**Exercise directions:** Please output the listing exactly as it stands, but omit any images.

**Given information:**

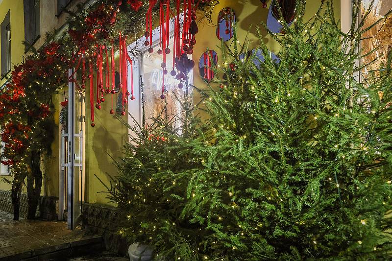 Яркие гирлянды, россыпи новогодних огней, живописные инсталляции из пушистых еловых веточек и блестящих новогодних бус.
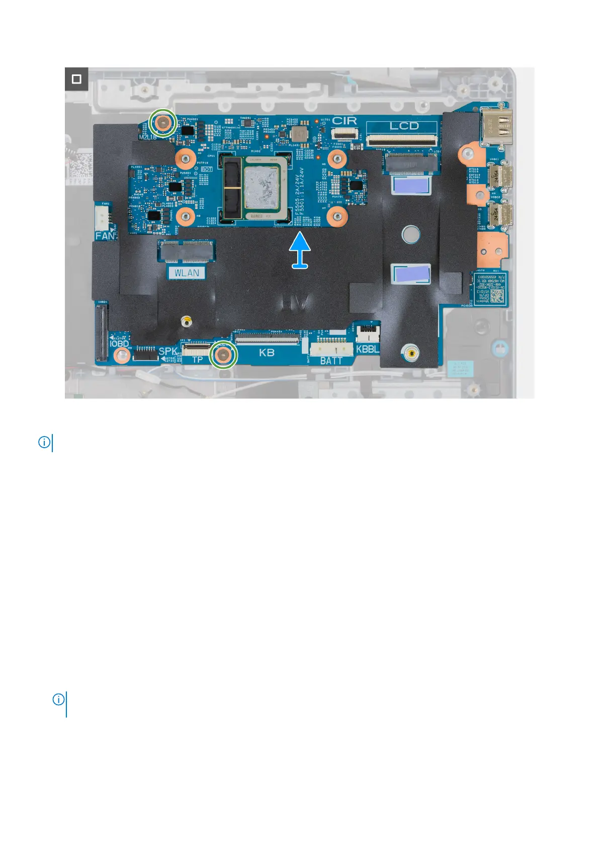 NOTE: The image shows the system board with the heat sink removed.
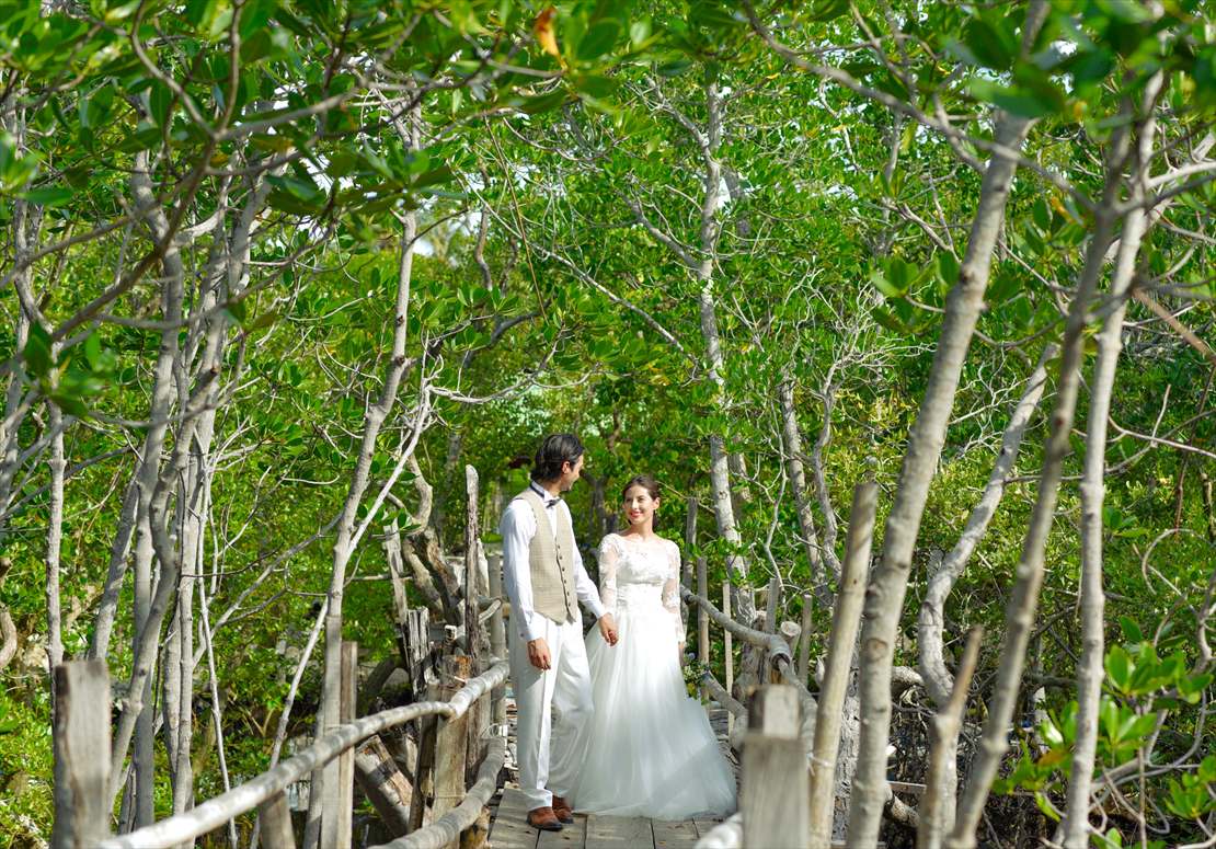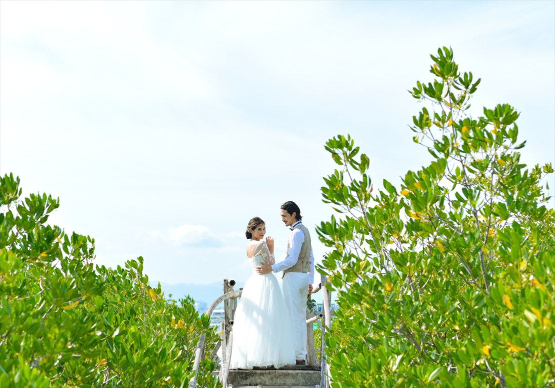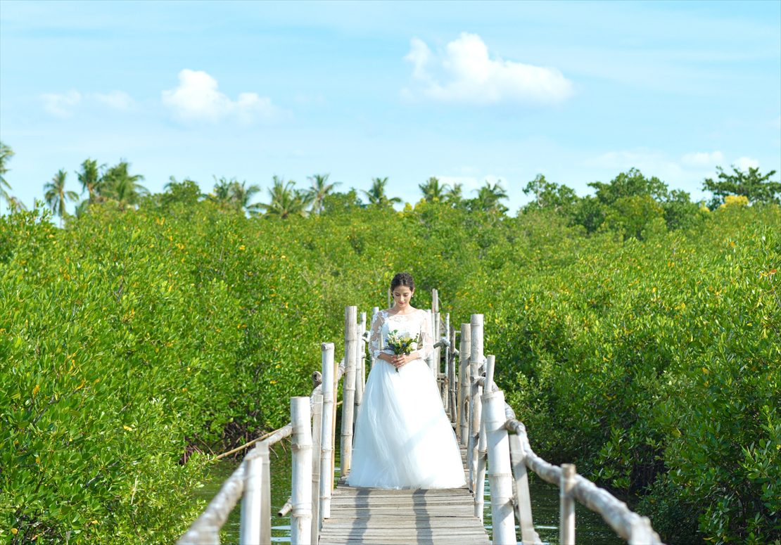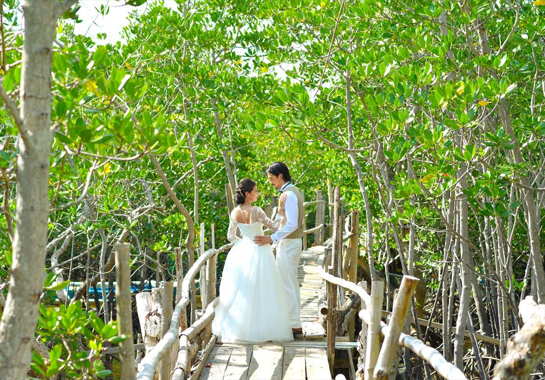 オランゴ島でのフォトウェディングの撮影プラン。90分撮影100カット納品のフォト・プランとなります。撮影シーンのご希望をいただければ、当社よりロケーションをご案内させていただくことも可能です。1ロケーション90分の間であれば複数の撮影場所・撮影ロケーション・撮影シーンのご指定が可能です。

**Answer space:**
 Яркие гирлянды, россыпи новогодних огней, живописные инсталляции из пушистых еловых веточек и блестящих новогодних бус.
 NOTE: The image shows the system board with the heat sink removed.
 オランゴ島でのフォトウェディングの撮影プラン。90分撮影100カット納品のフォト・プランとなります。撮影シーンのご希望をいただければ、当社よりロケーションをご案内させていただくことも可能です。1ロケーション90分の間であれば複数の撮影場所・撮影ロケーション・撮影シーンのご指定が可能です。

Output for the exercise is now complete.